You can follow the logical (mis-)deduction behind this misconception quite easily:

Refinement rules transform specifications.
Specifications are models (see earlier misconceptions).
Model transformations are a set of transformation rules.
Transformation rules transform models.
Therefore, refinement rules are transformation rules.
Therefore, refinement is transformation.

This is actually OK. Refinement is a perfectly legitimate form of model transformation. The problem is with the reverse inference, i.e., that a transformation rule is a refinement rule. If you assume that transformations must be semantics preserving, then this is not an unreasonable conclusion to draw. But model transformations need not preserve semantics.

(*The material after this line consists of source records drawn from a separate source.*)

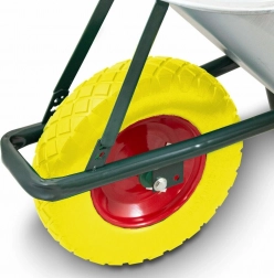 Plné poliuretanové (PU) kolo se jehličkovým ložiskem nevyžaduje huštění, je odolné proti defektům a zajišťuje plynulý a stabilní pohyb v terénu. Dlouhé ergonomické rukojeti usnadňují manipulaci a snižují únavu při práci.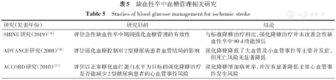 对于合并糖尿病的缺血性卒中患者,二级预防可将血糖控制到接近正常血糖水平,以降低心血管事件发生风险。糖尿病患者心血管风险干预研究(Action to Control Cardiovascular Risk in Diabetes, ACCORD)[37]和糖尿病与血管疾病行动研究(Action in Diabetes and Vascular Disease, ADVANCE)[38]等旨在探讨强化血糖控制相比常规治疗对长期糖尿病患者大血管和微血管并发症的影响,但未能证明强化血糖控制可以获益。近年来,有研究发现降糖药物,包括钠-葡萄糖协同转运蛋白2抑制剂和胰高血糖素样肽-1受体激动剂等与心血管事件风险降低相关,但是可能是通过降低心力衰竭等其他机制发挥作用,而不是通过降低糖化血红蛋白[39]。表5中列出了近年缺血性卒中血糖管理相关研究[36, 37, 38]。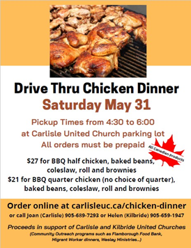 We are again having our joint Chicken Dinner fundraiser with Carlisle Church on May 31st. Enjoy a delicious drive thru dinner and skip the dishes!

Heretical statements like this usually generate one of several possible responses:

“This is crazy: why would I want to transform a model (which I have lovingly crafted and bestowed with valid properties and attributes) into something that is manifestly different, where information is lost?”
“OK, I can see that you might write a transformation that does not preserve semantics, but they must be dangerous, so we just need to be able to identify them and isolate them so that they never get deployed in the wild.”
“I don’t have to preserve semantics? That’s a relief! Semantics preserving transformations are a pain to construct anyway!”

These responses are all variants of misunderstandings we have seen previously: this idea that MDE is equated to a specific scenario or instance of application.

The first misunderstanding is, of course, confusing a specific category of model transformation — those that preserve semantics — with all model transformations. What are some examples of non-semantics preserving transformations? They are legion: measurement applied to UML diagrams is a classic example, where we transform a UML diagram into a number. The transformation process calculates some kind of (probably object-oriented) metric. Another example is from model migration: updating a model because its metamodel has changed. In some scenarios, a metamodel changes by deleting constructs; the model migration transformation likely needs to delete all instances of those constructs. This is clearly not semantics preserving.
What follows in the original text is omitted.